In this phase 3, double-blind, placebo-controlled trial, a total of 193 patients (who had an inadequate response to or had a previous medical history of adverse side effects with ursodeoxycholic acid) were randomly assigned in a 2:1 ratio to either receive oral seladelpar at a daily dose of 10 mg or placebo. The primary endpoint of the study was a biochemical response, characterized by an alkaline phosphatase level < 1.67 times the upper limit of normal, showing a reduction of 15% or greater from the baseline, and a normal total bilirubin level by the end of the 12^th month. Key secondary endpoints included the normalization of alkaline phosphatase level at 12^th month  and the change in pruritus numerical rating scale score from baseline to 6^th month among patients with a baseline score of at least 4 (denoting moderate-to-severe pruritus).

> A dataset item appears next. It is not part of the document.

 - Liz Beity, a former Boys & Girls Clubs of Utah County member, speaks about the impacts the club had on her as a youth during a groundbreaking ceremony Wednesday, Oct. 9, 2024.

A higher proportion of patients in the seladelpar group experienced a biochemical response compared to those in the placebo group (61.7% vs. 20.0%). Additionally, a larger percentage of patients who were treated with seladelpar saw normalization of alkaline phosphatase levels in comparison to those who received a placebo (25.0% vs. 0%). Seladelpar also led to a more significant decrease in pruritus numerical rating scale scores than the placebo (-3.2 vs. -1.7).

Therefore, it can be concluded that the proportion of patients achieving a biochemical response and normalization of alkaline phosphatase was significantly higher with seladelpar compared to placebo. Additionally, seladelpar demonstrated a significant reduction in pruritus for primary biliary cholangitis patients experiencing moderate-to-severe pruritus at the baseline.

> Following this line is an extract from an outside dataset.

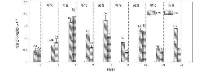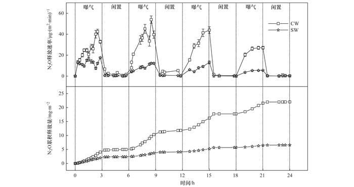 CW和SW各階段末端溶解態N2O濃度如圖 5所示.CW和SW系統平均溶解態N2O濃度分別為1.05 μg·L-1和0.83 μg·L-1.閑置段末端各系統溶解態N2O濃度明顯高于曝氣段末端, 這是由于閑置段溶解于水中的N2O在曝氣過程中被吹脫釋放所致.由于水中N2O溶解度有限, 反應初期各濕地N2O釋放速率均較大, CW和SW內部溶解態N2O含量差異不顯著(P>0.05);隨著反應進行, SW較低的N2O釋放速率使得其內部溶解態N2O濃度低于CW.系統N2O排放主要集中在曝氣段, 而產生的N2O溶解于水中又被吹脫出來, 故系統中溶解態N2O只占釋放總量的極少部分.

Resmetirom for the treatment of NASH with liver fibrosis

According to a recent study, both the 80-mg dose and the 100-mg dose of resmetirom exhibited superior effectiveness compared to the placebo in terms of resolving NASH and improving liver fibrosis by at least one stage. The findings of this study were recently published in The New England Journal of Medicine.

In this phase 3, randomized, controlled trial, patients were assigned randomly, in a 1:1:1 ratio, to receive either 80 mg (n=322) or 100 mg (n=323) of resmetirom once daily, or a placebo (n=321). The two primary endpoints of the study at week 52 included resolution of NASH, which involved a reduction in the nonalcoholic fatty liver disease (NAFLD) activity score by ≥2 points as well as an improvement in fibrosis by at least one stage, with no worsening observed in the NAFLD activity score.

In the 80-mg resmetirom group, 25.9% of the patients achieved NASH resolution without worsening of fibrosis, while in the 100-mg resmetirom group, this was achieved by 29.9% of the patients. In comparison, only 9.7% of the patients in the placebo group achieved the same outcome. Improvement in fibrosis by at least one stage without worsening of the NAFLD activity score was noted in 24.2% of patients in the 80-mg resmetirom group and 25.9% in the 100-mg resmetirom group. In contrast, only 14.2% of patients in the placebo group experienced such improvement.

Thus, it can be concluded that in terms of NASH resolution and improvement in liver fibrosis by at least one stage, both the 80-mg dose and the 100-mg dose of resmetirom showed superiority over placebo.